Просьба о горячей воде была воспринята истопником с пониманием, и, перехватив брошенный в его сторону взгляд, Курт заподозрил, что и здесь сыграла немалую роль его негласная привилегированность. В этой мысли он укрепился, когда все необходимое было готово уже через четверть часа, а появление отчищенных майстера инквизитора с помощником на кухне было встречено как нечто ожидаемое уже приготовленной снедью. Чуть в отдалении, на скамье напротив, над своим блюдом сидел встреченный им на лестнице выпускник особых курсов, призванный на помощь Рюценбаху. Одаренный эскулап опирался о столешницу обоими локтями, навалясь на руки всем телом и потупив голову, и в наполовину опустелую тарелку смотрел устало и пасмурно.

— А быть любимчиком главы академии не так уж и плохо, — заметил Курт, с наслаждением поглощая обед. — Любопытно, сие особое положение сохранится при новом руководстве?

— А как же, — пообещал Бруно с готовностью. — На особое отношение будущего ректора ты уж точно можешь смело рассчитывать. Быть может, это хоть немного поставит тебя на место.

— Власть развращает, — вздохнул Курт с показным упреком. — Когда-то (помнишь?) ты счел недостойным отпинать меня связанного. И вот теперь ты verba transfero уже грозишь мне тем же, что когда-то сделать отказался.

— Тебе не повредит.

— А вот если бы я получил власть распоряжаться тобой de jure…

— Когда ты получил право распоряжаться мною de jure, ты сквернословил в мой адрес ежечасно и распускал руки при всяком удобном случае, посему не пытайся давить на совесть. Она у меня в отсутствии — сдается тебе в аренду, в немногочисленных передышках находясь в починке.

— Майстер Гессе.

От голоса, прозвучавшего слева, Курт едва не вздрогнул — голос был надорванный и сиплый, похожий на скрип крышки старого сундука. О том, что его окликнул присланный лекарь, Курт скорее догадался, нежели осознал рассудочно — тот, по-прежнему тяжело навалившись на стол, смотрел теперь не в тарелку, а на майстера инквизитора, ожидая на свои слова реакции.
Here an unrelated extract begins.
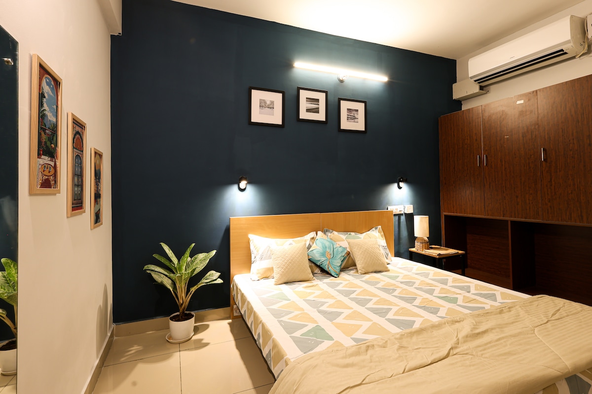 Nagtatampok ng brutalist architecture at modernism ang magandang apartment na ito na may 3 kuwarto at kusina at matatagpuan ilang metro lang ang layo sa sikat na Sony World Signal sa Koramangala. Idinisenyo ito nang may masusing atensyon sa detalye para mapanatili ang balanse sa pagitan ng estilo at kaginhawaan. Mayroon itong lahat ng kinakailangang amenidad tulad ng kumpletong kusina, mga AC, wifi, bar counter, power backup, wet at dry bathroom, elevator, 2 balkonahe, at may takip na paradahan ng kotse. Mas nagiging buhay‑buhay ang lugar dahil sa malalaking halaman.

— Мы знакомы? — уточнил Курт, и тот вяло усмехнулся:

— Бросьте, кто вас не знает?.. Вы в неплохом расположении духа, — продолжил выпускник особых курсов с усилием. — Стало быть, побывали у отца Бенедикта, и он в порядке. Верно?

— Был приступ, — отозвался Курт, посерьезнев, и, когда тот рывком распрямился, успокаивающе кивнул: — Но Рюценбах с помощником справились сами. Сейчас все хорошо.

— Насколько это вообще возможно, — расслабившись, довершил парень и, прикрыв глаза, перевел дыхание, на миг став похожим на умирающего старика в комнате наверху.

— Не доводилось еще терять пациентов? — понимающе уточнил Курт, и тот, нехотя разлепив веки, молча качнул головой. — Значит, этот будет первым.

Присланный лекарь нахмурился, глядя на него с упреком, и он тяжело вздохнул, констатировав:

— Не думал об этом… А напрасно. Ведь тебя пригласили не врачевать больного, а поддерживать жизнь в умирающем, а это существенная разница. Когда-нибудь ты помочь не сможешь — завтра или через неделю, и он умрет.

— Я выкладываюсь, как могу… — начал тот, и Курт перебил, не дав докончить:

— Вижу. Потому и говорю тебе то, что говорю. Когда-нибудь даже твои возможности будут бессильны перед людским естеством, и он умрет. Возможно, в эту минуту тебя не будет рядом, а может быть, отец Бенедикт скончается на твоих руках, когда ты в очередной раз будешь выкладываться, как можешь. И ты решишь, что выложился недостаточно. И будешь чувствовать себя виноватым. Будешь, знаю.

— К чему вы говорите мне все это? — хмуро уточнил лекарь. — Зачем?

— Просто, чтобы знал — ты в последнюю неделю герой всей академии, и твоим стараниям благодарны десятки людей. Ты делаешь невозможное, и это понимают все. Но и ты человек, и ты не способен на неисполнимое, и когда придет время — это будет не твоя вина.

— Откуда вам знать? — возразил тот сумрачно. — Вы меня не знаете, вы не знаете, на что я способен и где предел моим возможностям.

— Передохни, — посоветовал Курт настоятельно, поднявшись из-за стола. — Доешь и поспи, наконец. Иначе предел этот подступит слишком близко, а уж это точно не на пользу никому.

Парень не ответил, уже не глядя на него и снова уставившись в стол перед собою, и на Курта, уходящего, не обернулся.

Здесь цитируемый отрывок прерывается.